Dec 4, 2018, by Annmarie Hordern and Javier Blas
(Bloomberg)

Three days after Russian President Vladimir Putin and Saudi Crown Prince Mohammed bin Salman sent crude prices surging with an agreement to extend cooperation on oil, the kingdom’s top energy official made clear that the terms of a deal remain unresolved.

In an interview with Bloomberg, Saudi Energy Minister Khalid Al-Falih said he saw an oversupplied market, but cautioned that all the members of the OPEC+ group, which includes allies such as Russia and Kazakhstan, needed to come together for a cut to go ahead.

Moscow backs output curbs “in principle,” but it’s “premature” to say what they will agree in Vienna this week, Al-Falih said. He also walked back previous statements about the size of any supply reduction, saying the group is likely to cut but still needs to “figure out what needs to be done and by how much.”

Oil prices pared gains after his comments, which were less bullish than previous statements and signaled that divisions with Russia remain unresolved. Crude was trading 2.5 percent higher at $54.29 a barrel in New York, compared with an earlier increase of as much as 3 percent.

“We need to get together and listen to our colleagues, hear about their views on supply and demand and their projections of their own countries’ production,” Al Falih said in an interview while attending United Nations climate talks in Katowice, Poland.

Wait and See

His comments were less definitive than those made in Abu Dhabi last month, when he said the group should consider reducing production by 1 million barrels a day.

“What we said in Abu Dhabi is that projections are that there will be 1 million barrels a day of oversupply, and that we will wait until we get to Vienna and are certain what that number is,” he said. “The next road to cross is whether all countries are willing to come on board and contribute to that cut.”

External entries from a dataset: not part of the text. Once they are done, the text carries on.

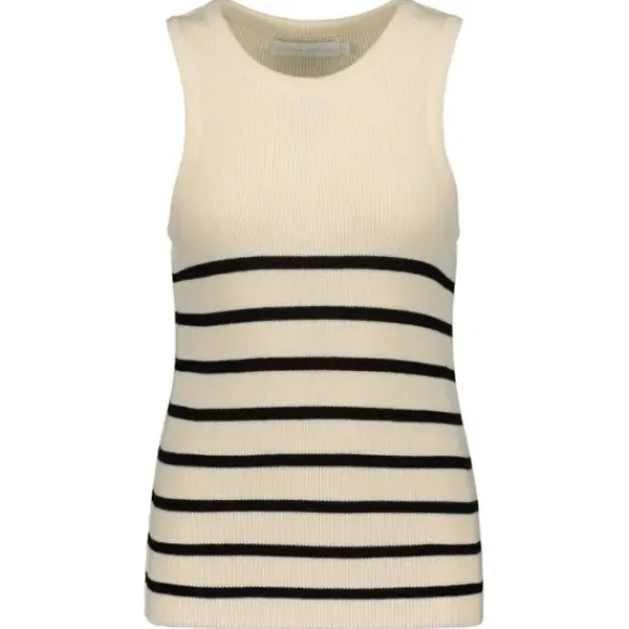 Gauhar Helsingin puuvillainen neuletoppi sopii ihanasti jakun tai farkkutakin alle. Kesällä ihana sellaisenaan. Kiva slim fit malli. Luomupuuvillaa. Mustia raitoja off-white pohjalla.
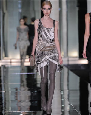 On est loin des fastes et des ors auxquels la maison nous avait habitués ces dernières saison. Le duo Eva et Roberto Cavalli proposent en effet une collection dans des tonalités sombres de gris, de noir et de beige. A noter qu'avec les robes comme les jupes, la femme Cavalli portera des cuissardes en cuir stretch, ultra glamour.
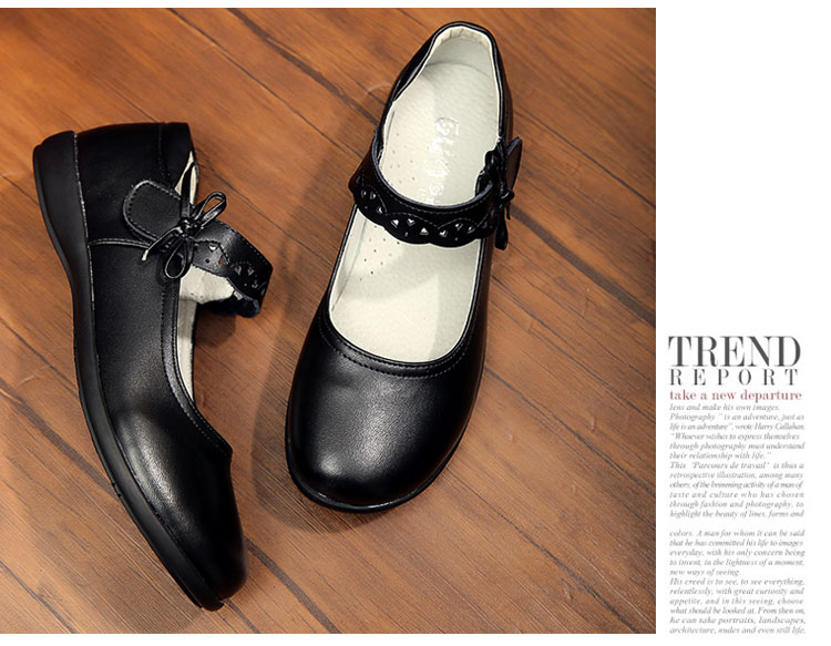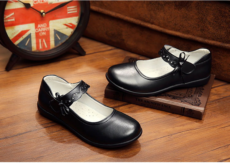 Shenzhen students unified girls black leather leather shoes performance shoes flat bottom children round toe princess single shoe bow
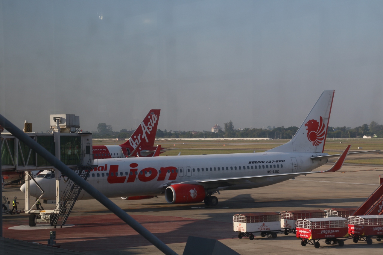 市街地との距離が近く、飛び立つ機体を頻繁に見かけます。タクシーやトゥクトゥクが待機していますが、市内循環の真新しい路線バスが走っているのでそちらをおすすめします。両替は最低限の額にして、市内でまとまった額を替えるとよいでしょう。
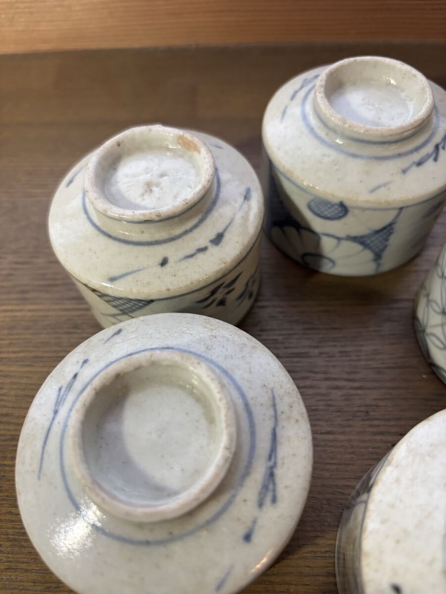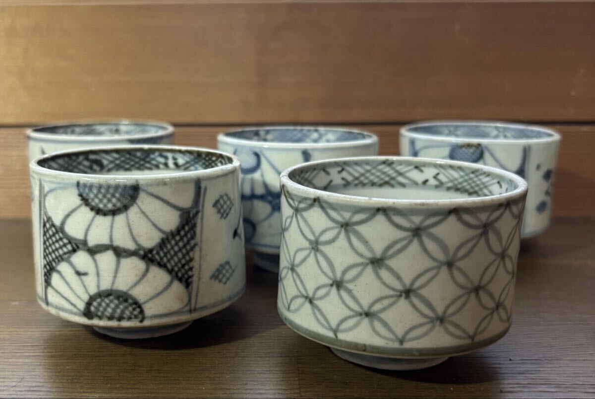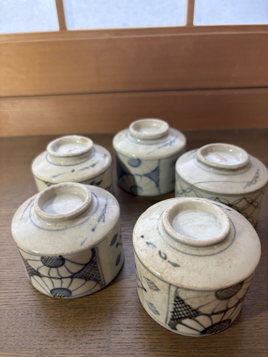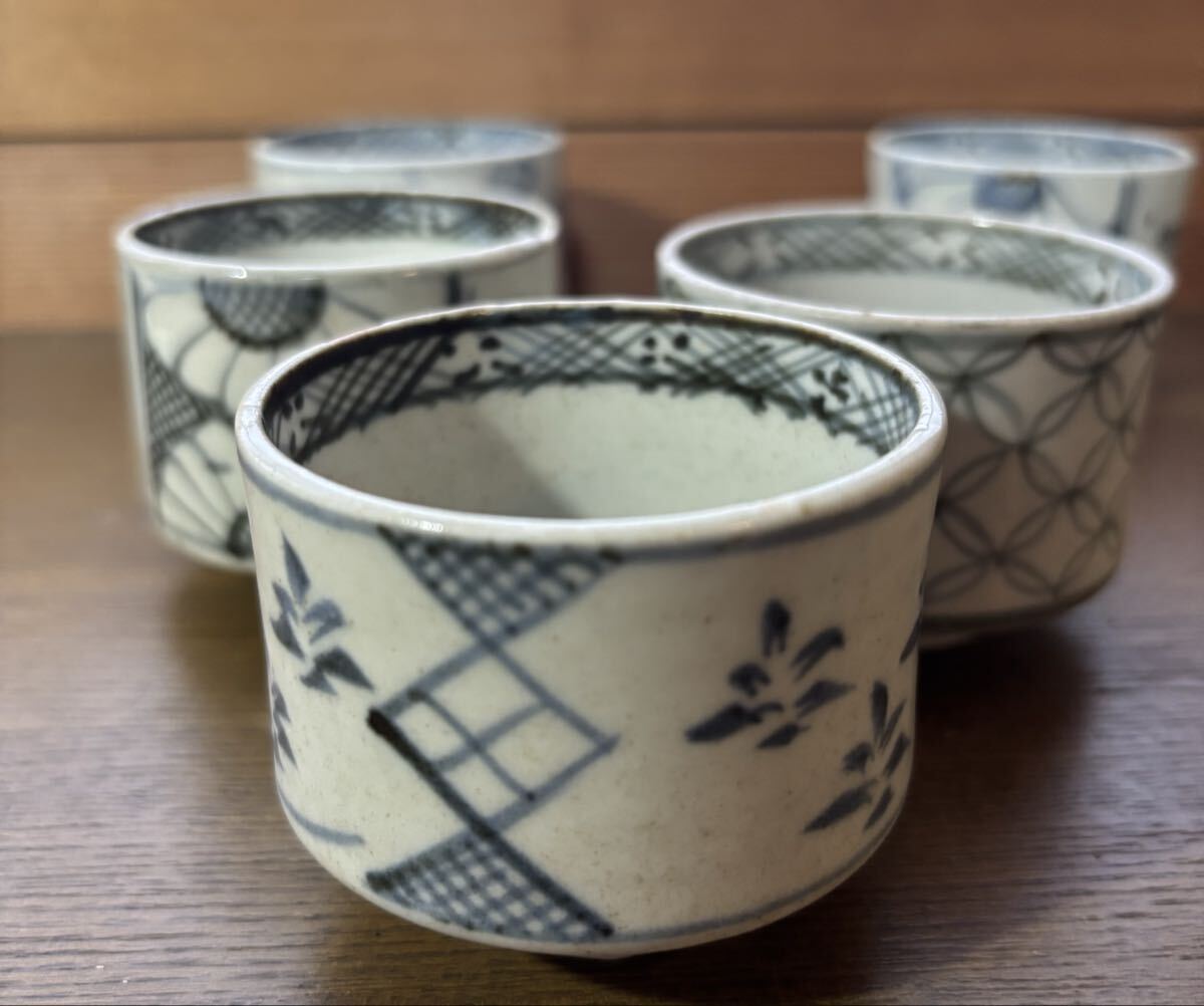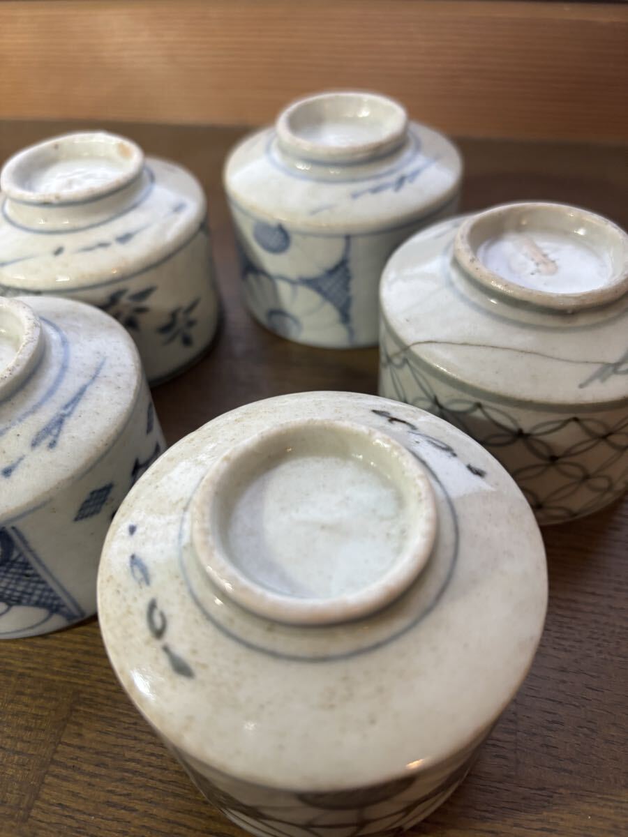 初期 古伊万里 蕎麦猪口。5個。それぞれにニューがあります。参考品に。

OPEC, Russia and other allies meet in Vienna later this week to decide production policy for 2019. There’s consensus the so-called OPEC+ group needs to rein in production to prevent global inventories growing next year, but no agreement on the details.

Moscow Talks

Oil suffered the largest one-month drop in November since the global financial crisis in 2008. The 20 percent plunge was driven by a combination of rising supply from U.S. shale regions, Saudi Arabia and Russia, slower demand growth and American waivers on oil sanctions on Iran. Brent crude, which hit a four-year high above $86 a barrel in early October, traded on Tuesday at about $63 a barrel.

Saudi Arabia and Russia, the world’s two largest exporters, have agreed to continue their cooperation into next year, Putin said at the weekend after meeting Prince Mohammed in Buenos Aires. But Saudi and Russian officials still differ on how to share the burden of any cuts, people familiar with discussions said yesterday.

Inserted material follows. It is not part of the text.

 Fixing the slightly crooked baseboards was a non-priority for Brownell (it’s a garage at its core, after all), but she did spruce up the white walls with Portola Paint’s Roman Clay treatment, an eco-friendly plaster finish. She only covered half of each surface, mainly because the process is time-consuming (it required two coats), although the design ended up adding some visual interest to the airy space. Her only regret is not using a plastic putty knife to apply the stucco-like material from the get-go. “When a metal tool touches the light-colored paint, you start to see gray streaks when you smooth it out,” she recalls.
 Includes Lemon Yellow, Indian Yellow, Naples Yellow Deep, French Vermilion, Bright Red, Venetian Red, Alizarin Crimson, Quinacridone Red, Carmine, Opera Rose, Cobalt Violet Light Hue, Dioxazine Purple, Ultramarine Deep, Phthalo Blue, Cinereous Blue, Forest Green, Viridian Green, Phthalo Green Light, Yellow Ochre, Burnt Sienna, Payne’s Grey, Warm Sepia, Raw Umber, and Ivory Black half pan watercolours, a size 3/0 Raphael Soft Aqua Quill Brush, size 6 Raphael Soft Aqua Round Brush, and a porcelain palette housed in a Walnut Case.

Moscow wants to reduce by a maximum of 150,000 barrels a day, but with OPEC estimating global oversupply at more than 1 million barrels a day, Riyadh wants the burden shared more evenly. Both countries are pumping near-record amounts of oil in excess of 11 million barrels a day each.

President Donald Trump is complicating deliberations. He’s waged a Twitter campaign against OPEC, demanding oil producers keep pumping to bring down gasoline prices for U.S. consumers. Saudi policymakers may be reluctant to go against Trump after the murder of Jamal Khashoggi unleashed a fusillade of criticism from American lawmakers, leaving the president as one of Prince Mohammed’s few remaining allies in Washington.